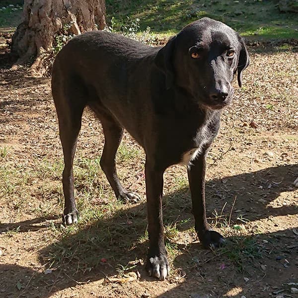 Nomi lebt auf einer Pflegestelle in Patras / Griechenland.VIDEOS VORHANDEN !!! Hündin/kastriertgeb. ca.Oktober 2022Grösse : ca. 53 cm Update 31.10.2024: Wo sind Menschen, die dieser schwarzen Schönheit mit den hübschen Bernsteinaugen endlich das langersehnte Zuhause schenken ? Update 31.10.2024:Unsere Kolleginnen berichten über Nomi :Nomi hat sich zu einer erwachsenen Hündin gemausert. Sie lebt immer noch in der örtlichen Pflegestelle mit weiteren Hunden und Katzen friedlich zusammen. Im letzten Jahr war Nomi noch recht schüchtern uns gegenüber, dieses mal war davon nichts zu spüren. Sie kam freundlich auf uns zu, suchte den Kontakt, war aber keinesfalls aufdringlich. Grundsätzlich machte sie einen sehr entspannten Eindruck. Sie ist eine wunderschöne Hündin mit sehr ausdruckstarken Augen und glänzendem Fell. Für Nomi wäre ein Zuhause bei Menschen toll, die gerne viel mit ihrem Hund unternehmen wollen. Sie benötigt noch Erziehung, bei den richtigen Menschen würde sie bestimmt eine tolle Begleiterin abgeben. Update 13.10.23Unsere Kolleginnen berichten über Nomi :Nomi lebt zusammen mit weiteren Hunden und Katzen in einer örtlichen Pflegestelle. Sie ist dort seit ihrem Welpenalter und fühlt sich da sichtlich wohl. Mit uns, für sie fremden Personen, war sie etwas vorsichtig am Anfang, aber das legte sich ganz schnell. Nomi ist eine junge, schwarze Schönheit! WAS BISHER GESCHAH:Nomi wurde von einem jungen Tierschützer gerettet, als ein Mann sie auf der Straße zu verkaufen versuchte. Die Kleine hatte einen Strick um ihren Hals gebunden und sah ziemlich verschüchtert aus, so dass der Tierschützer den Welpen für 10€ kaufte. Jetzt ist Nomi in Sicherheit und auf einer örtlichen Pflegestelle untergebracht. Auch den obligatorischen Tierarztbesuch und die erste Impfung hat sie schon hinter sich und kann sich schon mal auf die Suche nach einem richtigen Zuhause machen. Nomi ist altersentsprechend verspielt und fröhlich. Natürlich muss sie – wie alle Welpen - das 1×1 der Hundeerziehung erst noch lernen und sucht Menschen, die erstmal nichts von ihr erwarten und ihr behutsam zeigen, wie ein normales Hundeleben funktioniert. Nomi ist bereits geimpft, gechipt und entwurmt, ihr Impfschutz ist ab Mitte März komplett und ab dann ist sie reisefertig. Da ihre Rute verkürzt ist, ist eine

...

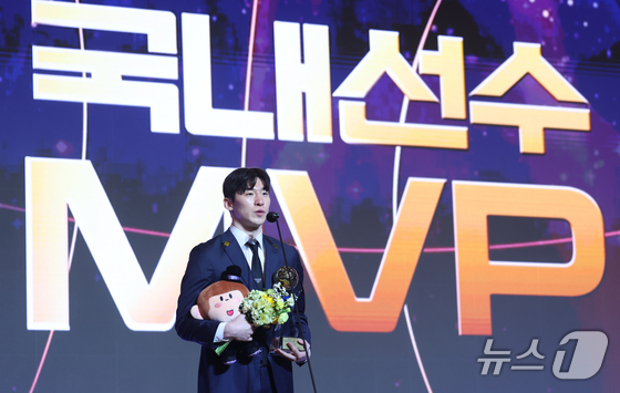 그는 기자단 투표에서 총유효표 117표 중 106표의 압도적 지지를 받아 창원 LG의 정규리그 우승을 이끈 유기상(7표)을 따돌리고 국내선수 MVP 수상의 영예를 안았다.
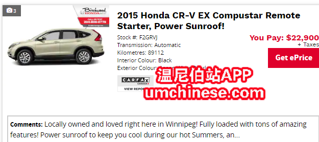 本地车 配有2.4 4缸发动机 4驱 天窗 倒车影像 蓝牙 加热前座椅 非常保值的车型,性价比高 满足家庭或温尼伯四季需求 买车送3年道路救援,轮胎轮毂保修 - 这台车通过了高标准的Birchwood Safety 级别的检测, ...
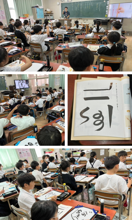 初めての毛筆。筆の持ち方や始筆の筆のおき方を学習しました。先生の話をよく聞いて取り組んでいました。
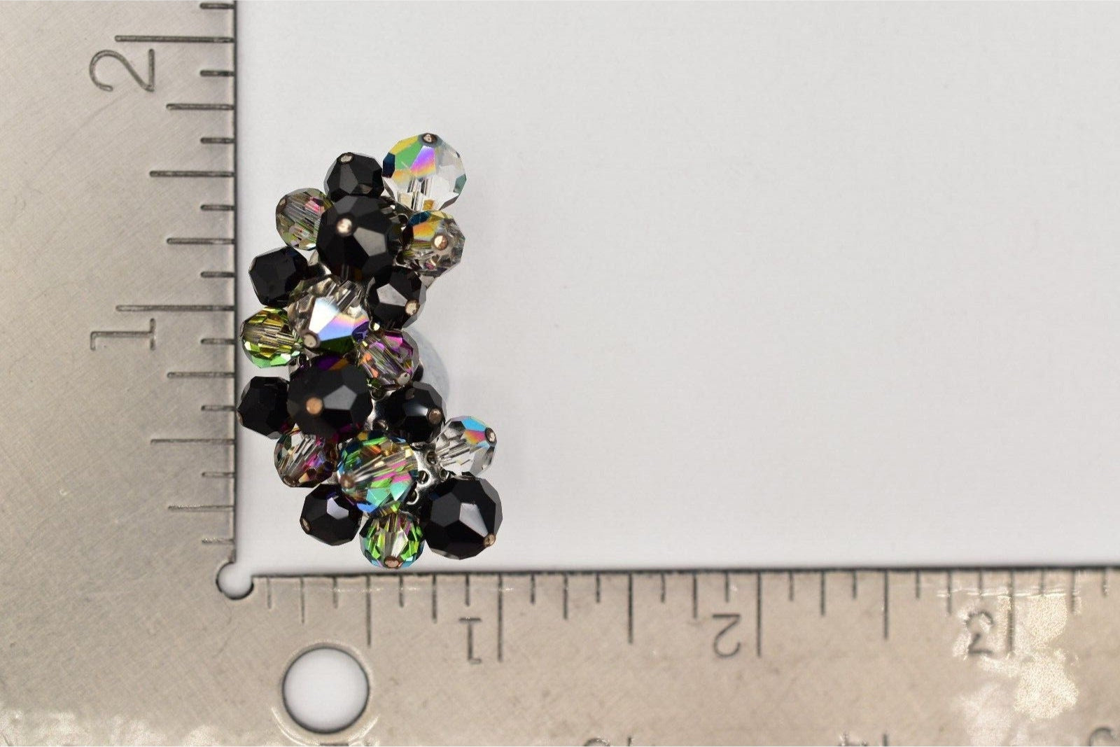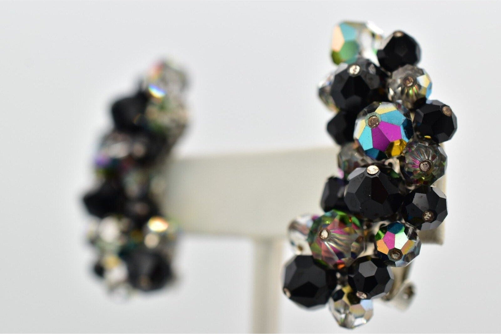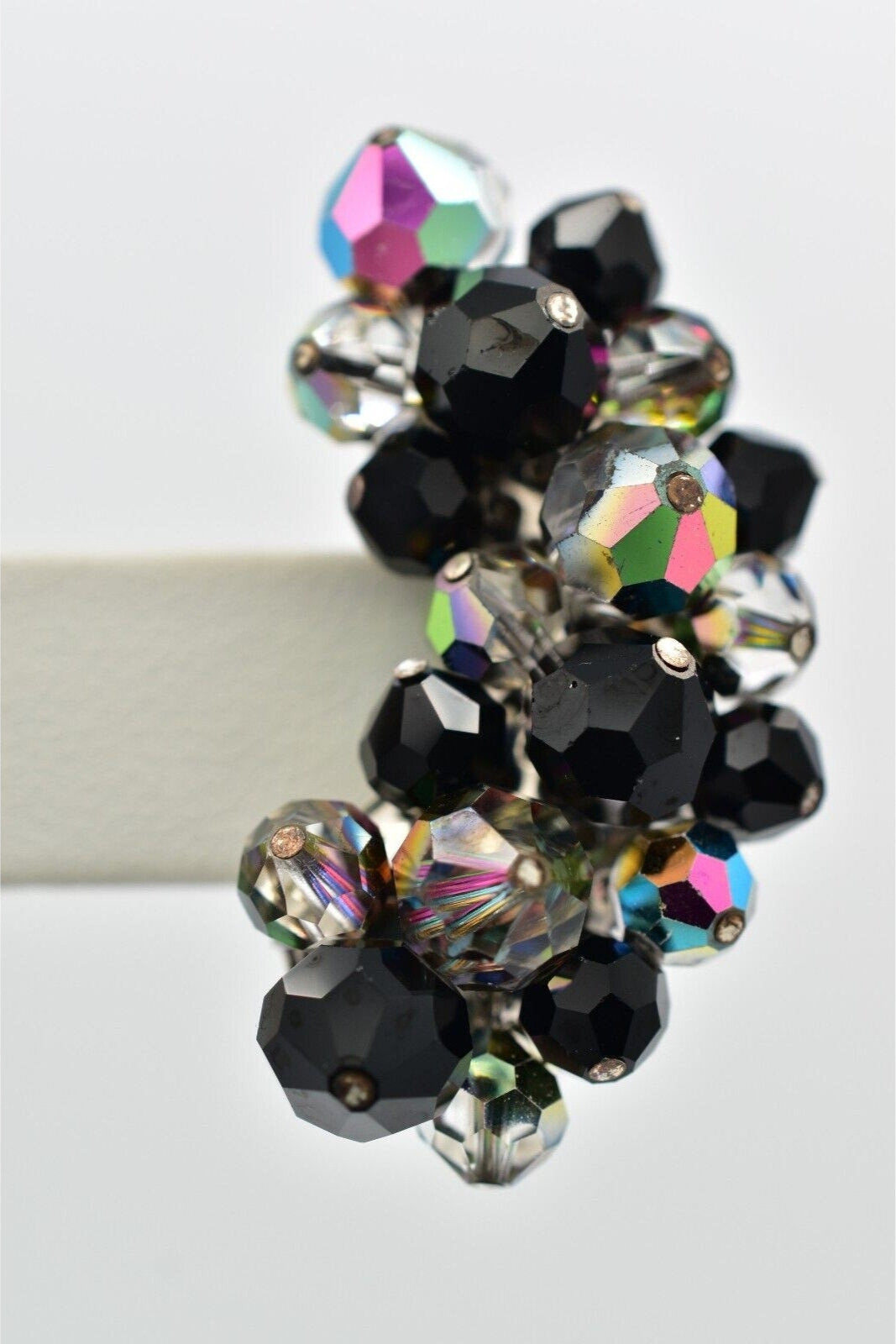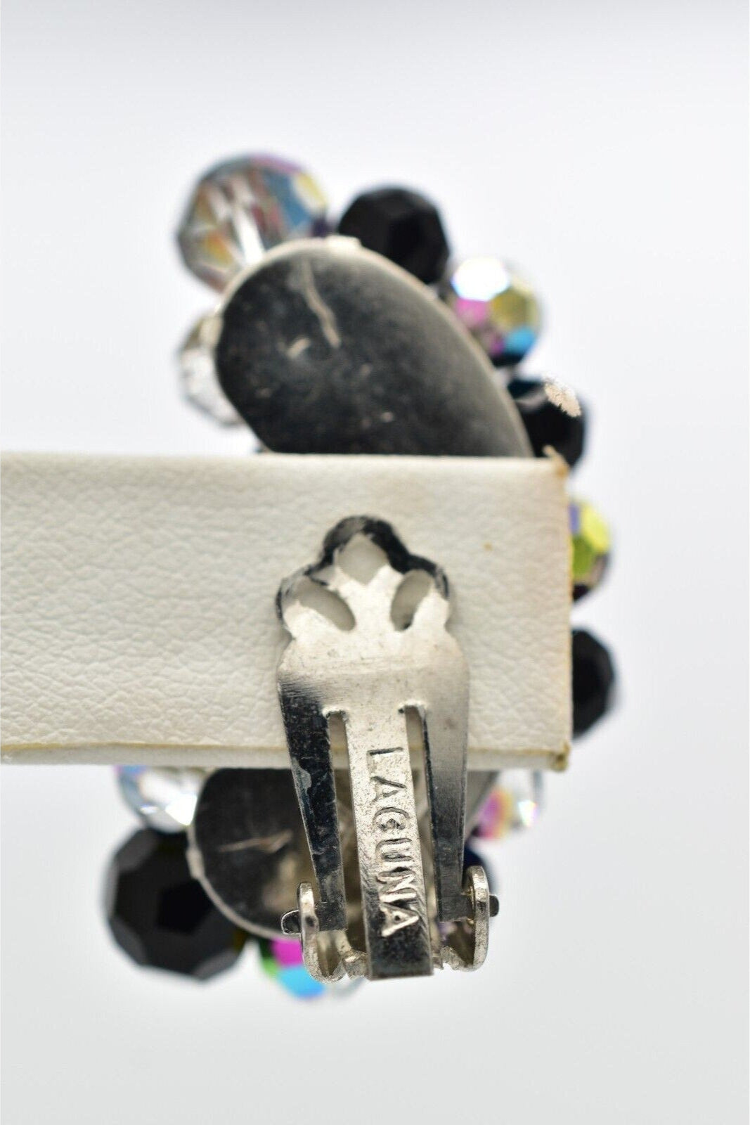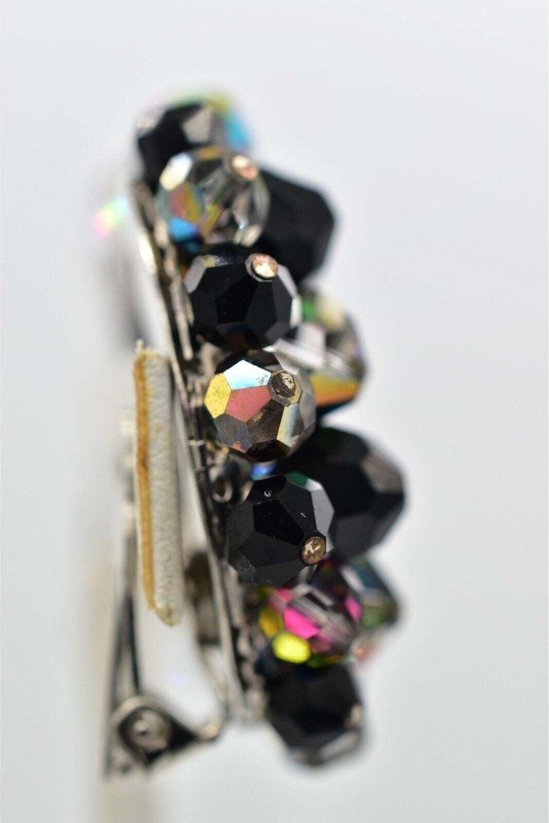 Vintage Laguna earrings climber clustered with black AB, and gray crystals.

Work to complete:
Only one part of the material above is wanted: the lines from the one with "初めての毛筆。筆の持ち方や始" up to and including the one with "Vintage Laguna earrings". Please copy them exactly, pictures left out.

Output for this exercise:
 初めての毛筆。筆の持ち方や始筆の筆のおき方を学習しました。先生の話をよく聞いて取り組んでいました。
 Vintage Laguna earrings climber clustered with black AB, and gray crystals.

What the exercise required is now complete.